Все так противоречиво в Америке. Даже исполнение предписаний не гарантирует вашему сознанию покоя.
Это напоминает мне один эпизод в Италии, точнее, в Неаполе.
Жан-Пьер Омон, актер и мой друг, смог благодаря связям получить для меня разрешение посетить французские части, в которых он служил. Он примчался в джипе на день раньше, чем я ждала. От него исходил странный запах. «Я спал под танком рядом с мертвым сенегальцем, – сказал он. – Ты уж извини».
Мы нагрели воду, и впервые за многие недели он смог принять ванну.
Жан-Пьер Омон – очень воспитанный и высокообразованный человек, с великолепным чувством юмора.
Еще до наступления рассвета мы сели в джип и поехали к месту его назначения. Мы родились под одним знаком. Он – Козерог, и я тоже. Поэтому мы знали, что делали, – так нам казалось. У него была карта местности, но это нам не помогло – через несколько часов мы застряли в грязи. Джип не двигался с места. Чисто на французский манер и по солдатскому обыкновению он сказал: «Оставим его».
Была слышна далекая канонада. Чтобы добраться до места, предстояло пересечь реку, а дорогу к ней преграждало огромное поле, на котором трепыхалась масса белых лент, ветер срывал их с колышков, на которых они были натянуты над самой поверхностью земли. Мы поняли, что находимся перед минным полем. Выйти к реке необходимо, но все ближайшие мосты были взорваны.
Оставалось одно: идти через минное поле. Я сказала Жан-Пьеру: «Послушай, ты молод, у тебя вся жизнь впереди. Я пойду первой, а ты – за мной, след в след, пока мы не пересечем это поле. Если я взлечу на воздух, то прежде, чем ты ступишь на эту проклятую мину».
Он не мог принять мое предложение, спорил, настаивал: «Я пойду первым, а ты – по моим следам». Нужно было только видеть нас. Теперь, по прошествии времени, сцена представляется трагикомичной. Немка и француз в Италии чрезвычайно учтиво дискутировали о том, кому более пристало первым взлететь на воздух!
Конечно, диспут выиграл он. К счастью, мы благополучно пересекли поле, перешли реку, прыгая с камня на камень. И, совершенно промокшие, очутились на другом берегу.
Началась артиллерийская канонада. Даже имея географическую карту, мы не могли понять, где находимся. Я сказала: «Встань за мной. Если кто-нибудь пойдет, друг или враг, предоставь действовать мне».
Темнело. Вскоре послышался звук мотора. Я повторила: «Встань за мной». За поворотом дороги показалась машина. Понять, что это, – невозможно. Приходилось ждать. Но вот мы увидели американские опознавательные знаки на джипе, который ехал прямо на нас. Мы стали махать руками. Джип остановился.
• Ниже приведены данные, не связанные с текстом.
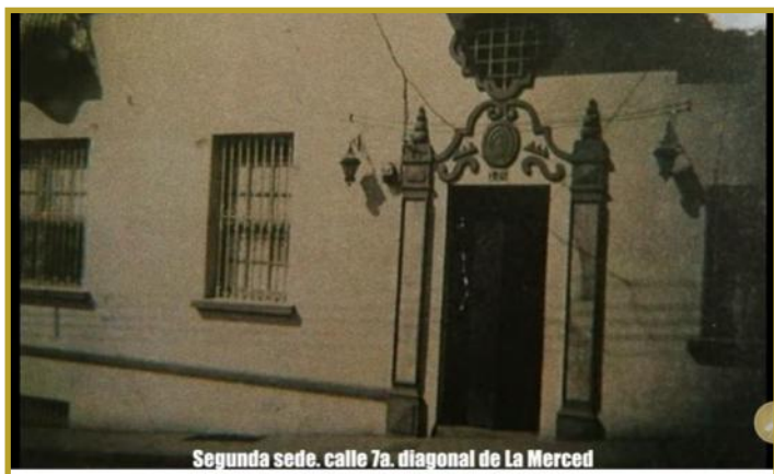
Segunda sede, calle 7a. Diagonal de la Merced

Два солдата на переднем сиденье. «Что вам надо? Кто вы? – спросил один из них и – обращаясь ко мне: Вы сестра милосердия или кто?» Я ответила: «Я – Марлен Дитрих, мы заблудились и не знаем, где находимся. Не могли бы вы подсказать нам, как вернуться в Неаполь?»
Солдат за рулем сказал: «Если вы Марлен Дитрих, то я – генерал Эйзенхауэр. Садитесь!»
Мы вернулись в Неаполь. Жан-Пьер пошел в свою часть, так и не взяв меня с собой.
Мы никогда не говорили об этом происшествии. Но, наверное, только посмеялись бы, вспоминая наш поход, но слишком много горя было бы в нашем смехе. Омон – прежде всего человек. Очень хотелось бы, чтобы сегодняшние актеры были похожи на него. Хотя, мне кажется, актерская профессия не для мужчины. Жан-Пьер прекрасно доказал, что это – лучшая профессия, особенно теперь, когда с нами нет Рэмю и Габена.
5
Война закончилась для нас, когда мы вошли в город Пльзень в Чехословакии. Та же картина, что и везде: кругом горе и разрушения. В голове все время звучало: «Конец войны, конец войны», а ощущение ее конца не приходило.
Война окончилась в печали для всех ее участников. Я не настолько хорошо помню конец первой мировой войны, но думаю, что все было так же. То же отчаяние, та же беспомощность.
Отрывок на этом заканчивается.